**INSTRUCTIONS TO FOLLOW**. Line by line, set down the records below from the first line through the line containing "扁長形玉簪,簪首鏤雕卍字不斷". Omit the pictures.

(Stored dataset items)
========
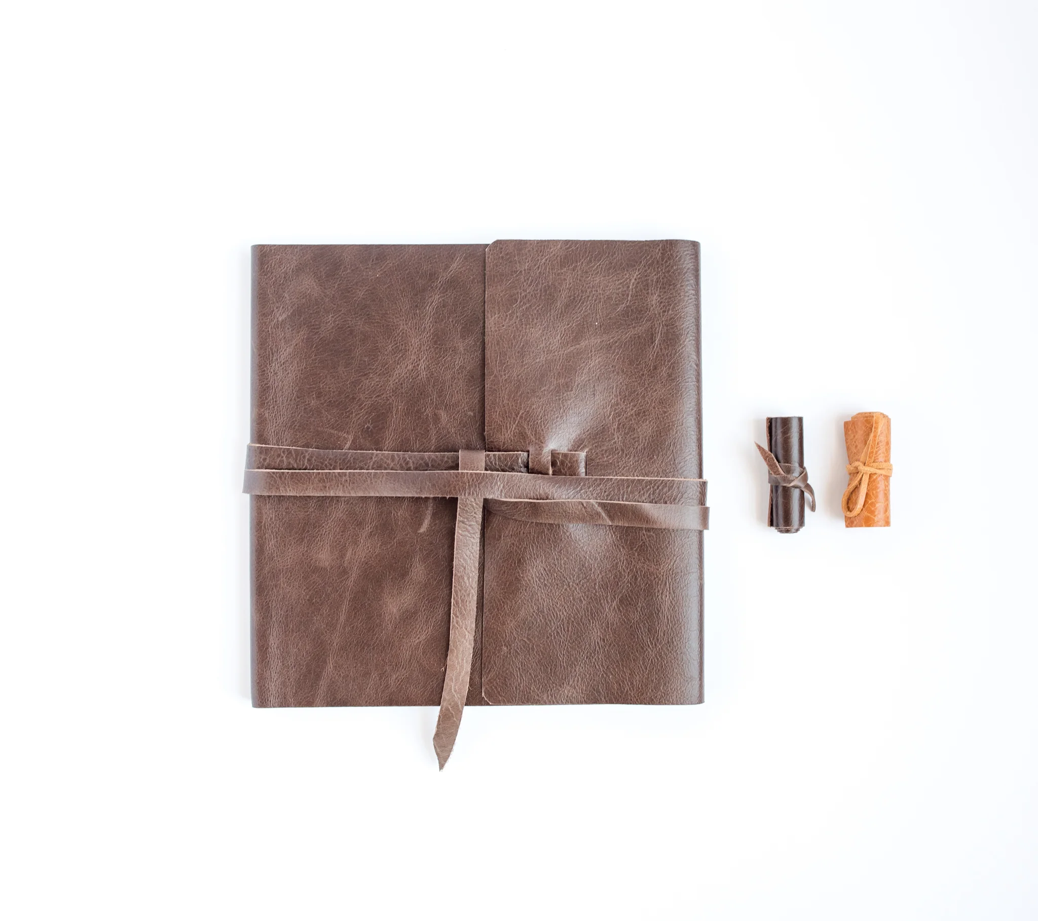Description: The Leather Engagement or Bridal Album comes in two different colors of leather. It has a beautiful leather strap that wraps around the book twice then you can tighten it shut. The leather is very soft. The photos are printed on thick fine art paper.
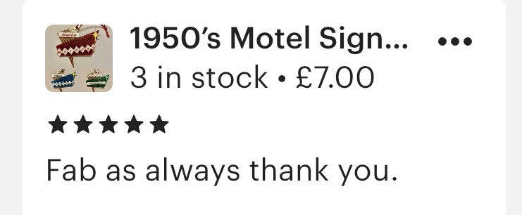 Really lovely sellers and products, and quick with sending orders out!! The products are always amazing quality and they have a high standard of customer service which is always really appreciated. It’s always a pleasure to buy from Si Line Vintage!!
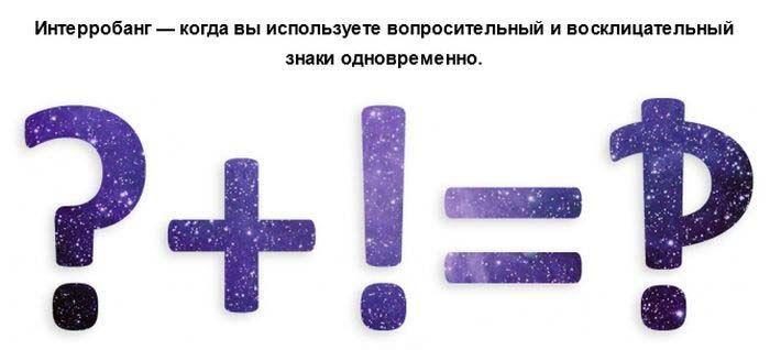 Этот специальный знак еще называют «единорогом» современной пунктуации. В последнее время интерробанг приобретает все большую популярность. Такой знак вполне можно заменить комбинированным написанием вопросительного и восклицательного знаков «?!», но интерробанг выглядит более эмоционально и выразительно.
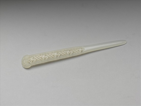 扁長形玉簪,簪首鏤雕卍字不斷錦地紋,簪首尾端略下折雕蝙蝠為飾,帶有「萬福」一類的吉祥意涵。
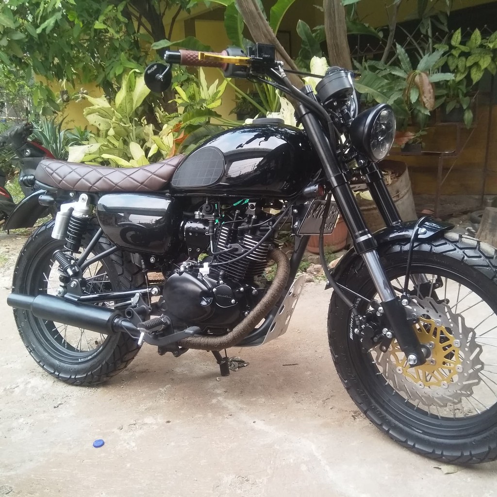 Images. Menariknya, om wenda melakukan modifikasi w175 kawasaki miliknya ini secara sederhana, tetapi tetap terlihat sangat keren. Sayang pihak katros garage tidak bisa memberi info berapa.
========
**RESPONSE FOR THIS EXERCISE**.
Description: The Leather Engagement or Bridal Album comes in two different colors of leather. It has a beautiful leather strap that wraps around the book twice then you can tighten it shut. The leather is very soft. The photos are printed on thick fine art paper.
 Really lovely sellers and products, and quick with sending orders out!! The products are always amazing quality and they have a high standard of customer service which is always really appreciated. It’s always a pleasure to buy from Si Line Vintage!!
 Этот специальный знак еще называют «единорогом» современной пунктуации. В последнее время интерробанг приобретает все большую популярность. Такой знак вполне можно заменить комбинированным написанием вопросительного и восклицательного знаков «?!», но интерробанг выглядит более эмоционально и выразительно.
 扁長形玉簪,簪首鏤雕卍字不斷錦地紋,簪首尾端略下折雕蝙蝠為飾,帶有「萬福」一類的吉祥意涵。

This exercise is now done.